Wine World Atlas Revised to Include Finger Lakes, China
A rich cabernet blend at a recent reception tasted like a cru classe Bordeaux, but it was a terrific red 2010 from RdV Vineyards Lost Mountain in Virginia.
The state gets a nod as a world-class wine region in the latest edition of “The World Atlas of Wine” by Hugh Johnson and Jancis Robinson. For the first time, the authoritative reference allots Virginia wine country, less than an hour’s drive from Washington D.C., a detailed map and two pages of text.
Perusing the new maps added to the World Atlas, first published in 1971 and revised about every six years, is one way I track the wine world’s latest buzz-worthy vineyard spots. Many of these produce superb wines that are relative bargains. The splendid RdV, which costs $95, sadly isn’t.
Over lunch at The Modern in New York, Johnson and Robinson talk about other places they’ve added to the latest revision and why.
“Georgia was quite high up on our add list,” says Robinson, referring to the Republic, not the state. “It’s exporting much more, the wines have improved and are getting international attention.” They also have a certain counter-culture appeal.
The country’s traditional reds and whites are fermented and aged in qvevri, clay jars resembling huge amphora that are lined with beeswax and buried in the earth.
At a recent tasting, I gave high marks to creamy-textured yet crisp 2010 Pheasant’s Tears Kakheti Valley Rkatsiteli ($18), a white with aromas of honey and powerful spice and apricot flavors.
Some areas where not much new is happening, like North Africa, have been dropped, making room for spots on the rise. I’m surprised that doesn’t include a map for Italy’s Campania region. The wines are far more interesting than those from neighboring Puglia, which gets one. But not much else is missing from the atlas.
Social change, Robinson and Johnson agree, is the most important factor spurring vineyard expansion outside Europe. As wine becomes more popular, vintners rush to plant grapes in new areas to supply demand.
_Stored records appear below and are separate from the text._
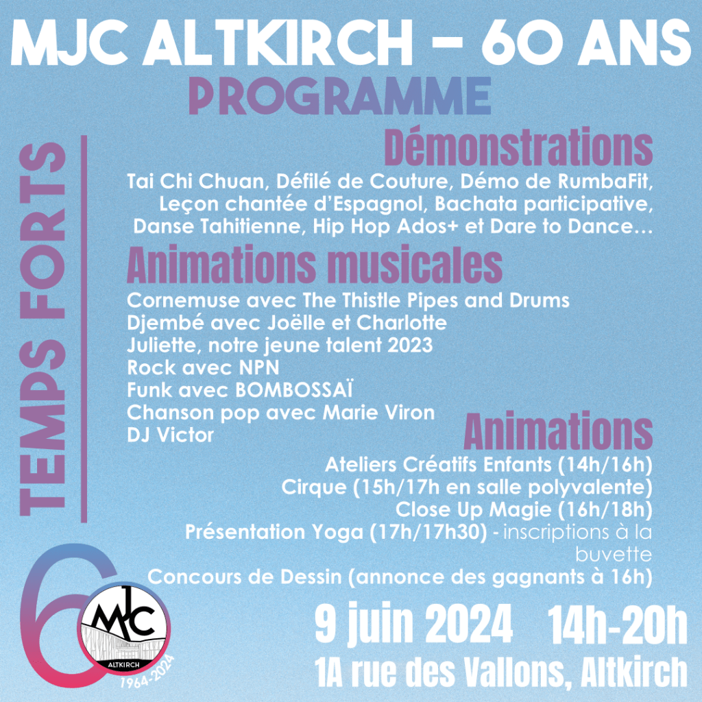 La MJC d’Altkirch a fêté son soixantième printemps lors d’une grande fête à L’Agora, le dimanche 9 juin 2024, à partir de 14h !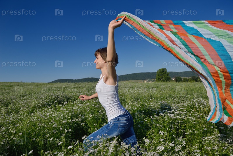 Молодая женщина в поле летом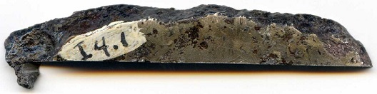 The painted number indicates this section was once part of the collection of the Institute of Meteoritics, University of New Mexico, under the curatorship of Lincoln LaPaz. This specimen is published in two UNM catalogs, LaPaz (1965) and Lange, Klaus, LaPaz (1980)—per Mike Bandli.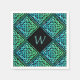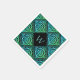Un ensemble de serviettes en papier monogramme avec un noeud bleu-vert celtique répétées en carreaux de diamant contre un arrière - plan noir. Modifiez l'original et faites-le unique !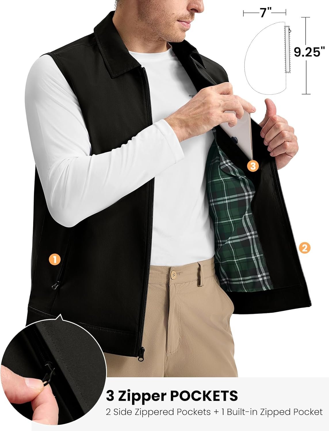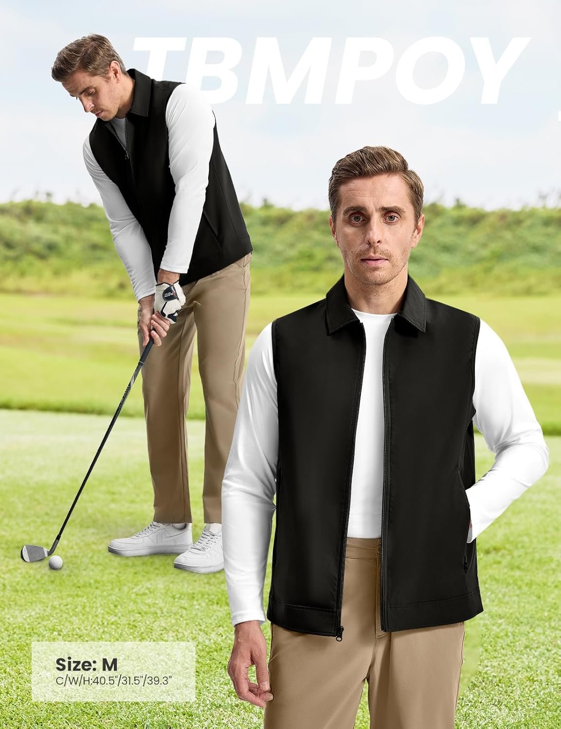TBMPOY Men’s Vest Casual Outerwear Lightweight 3 Zip Pockets Golf Sleeveless Jackets Summer Fall Full Zip Vest Travel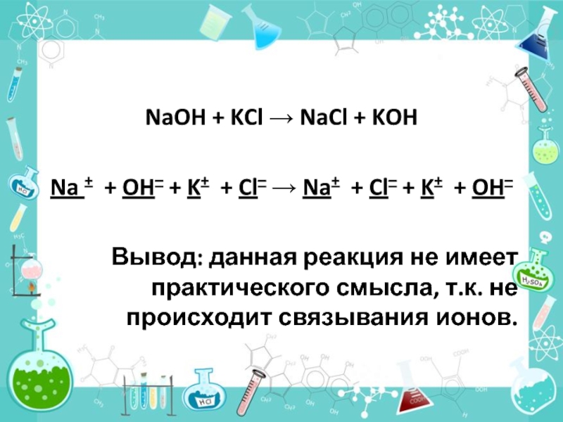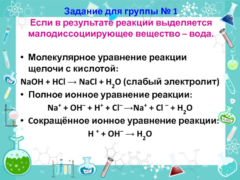 NaOH + HCl → NaCl + H2O (слабый электролит)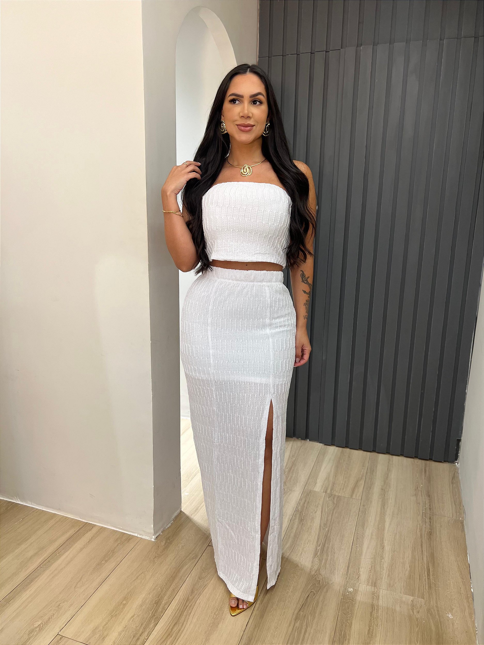 A saia tubinho completa o conjunto com charme e feminilidade. Possui cós com elástico largo, que valoriza a cintura sem marcar, forro interno para maior segurança e uma fenda lateral, que proporciona movimento e um toque sensual na medida certa.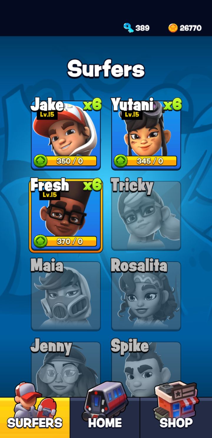 人物部分个人目前感觉还是youtani的技能时长加倍和滑板加倍功能使用起来比较顺手,小黑的滑板+三倍,和加倍星多加1倍的技能倍数增长确实很恐怖,但是使用下来操作手感真的还不太行,一代的倍数就是一切的感觉,小黑应该更强,但是却是我最后一个到10万上的人物(当然手残是原罪),体感感觉小黑的倍数增加分数变化不明显,感觉加倍存在问题(只是感觉没有实际测试,有测试确实倍数没问题的大佬可以说一下,不对的话我改掉),至于杰克,就不讲了,感觉中规中矩,金币累计滑板能量充能,出生自带滑板和开滑板给磁铁,收集金币上感觉会比较强。

In China, a growing middle class is fueling a wine drinking boom. Vineyard area nearly doubled between 2000 and 2011 and rose another 19 percent in 2012, according to the International Organization of Vine and Wine. The area of European vineyards continues to shrink.
Ningxia, southwest of Beijing, which aims to become China’s most important wine province, is home to a Chandon sparkling wine facility launched in June by Moet Hennessy. The region gets a map for the first time, joining one for the Shandong region, where Domaine Barons de Rothschild (Lafite) has a joint venture.
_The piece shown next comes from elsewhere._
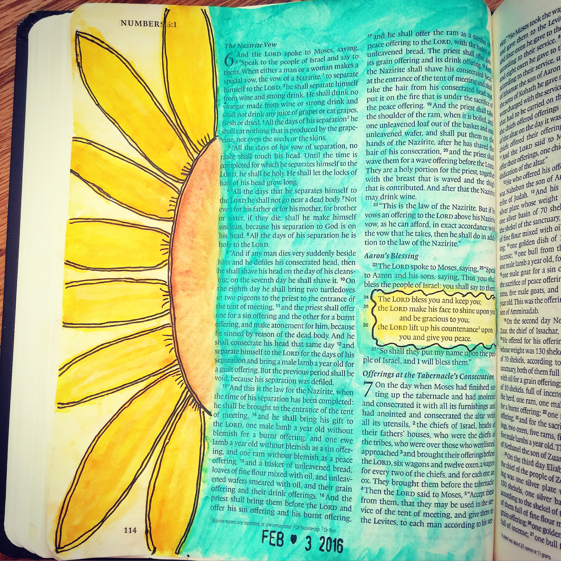 Numbers: When I realized that this popular blessing was in the book of Numbers, I knew I had to do a sunflower page; “The Lord bless you and keep you. The Lord make His face to shine upon you and be gracious to you. The Lord lift up His countenance upon you and give you peace.” I wanted to rewrite part of the verse into the margin, but I loved the simplicity of the sunflower so much that I decided to leave it alone. Again, keep it simple. I later wrote out the verse in my prayer journal.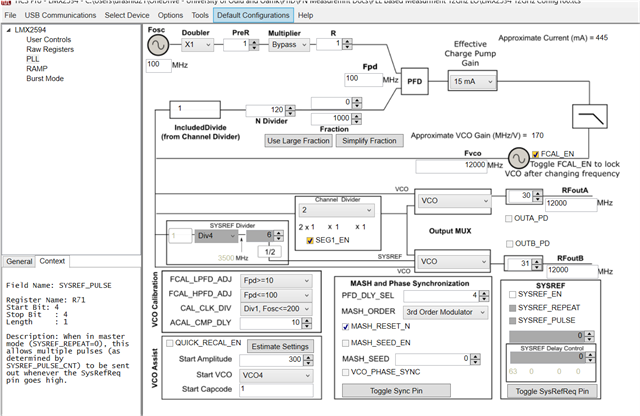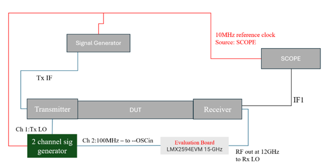 Following your suggestion, I used a signal generator to feed a 100 MHz signal into the OSCin input of the LMX2594EVM. The signal generator is locked to the system's 10 MHz reference clock, so the 100 MHz signal should be synchronous with the rest of the setup.

So far the best Chinese wine I’ve sampled was a fruity, graceful Grace Vineyard Chairman’s Reserve cabernet blend ($55) from Shanxi province, west of Beijing.
A general palate shift towards lighter, fresher wines, Robinson says, is drawing ambitious vintners to cooler-climates and higher altitudes as well as to distinctive terroirs like the volcanic slopes of Sicily’s Mt. Etna.
With its unpredictable weather, vineyards planted on 45-degree slopes, and cluster of top winemakers, Mt. Etna has become one of Italy’s most exciting wine zones, much deserving of its own map. The fresh, intense, smoky 2012 Tascante Buonora ($20) made from ancient white grape carricante, is loaded with personality.
Another new map features breezy Mornington Peninsula, a cool district south of Melbourne in the Australian state of Victoria. Vine plantings on this spit of land doubled between 1996 and 2008. Packed with new producers, it’s become a hotbed of fine pinot noir.
Among the several dozen I tasted during a recent trip there is the silky, spicy, seductive 2010 Moorooduc Estate ($32).
The South African region of Swartland where a group of outspoken young vintners have rediscovered the virtues of very old chenin blanc bush vines, now has a map. The crisp, floral, round and rich 2012 A.A. Badenhorst Secateurs Chenin Blanc is a steal at $13.
In keeping with our hot wine spot theme, The Modern’s sommelier pours us a delicate 2012 Forge Cellars Pinot Noir ($24) from New York’s Finger Lakes with pretty red fruit-and-earth flavors and made in a lacy Burgundian style. The state has graduated to two pages, with a much larger map for the Finger Lakes.
Climate change is inspiring even countries like Sweden to plant vines, though its wine scene is nowhere near the tipping point for Atlas inclusion.
“The eighth edition will definitely need an additional page for England and Wales, as vineyards expand north,” insists Johnson. Southern England is already making fine, crisp sparkling wines, like the delicate 2010 Ridgeview Bloomsbury Brut ($34), though wet 2012 was a washout. However vintners can’t use ‘champagne’ on the label. What should they call it? Johnson, with a sly smile, offers, “Bubbly, of course.”
The World Atlas of Wine, 7th Edition, by Hugh Johnson and Jancis Robinson (Mitchell Beazley, $55; iPad version, $30)
(Elin McCoy writes on wine and spirits for Muse, the arts and leisure section of Bloomberg News. The opinions expressed are her own.)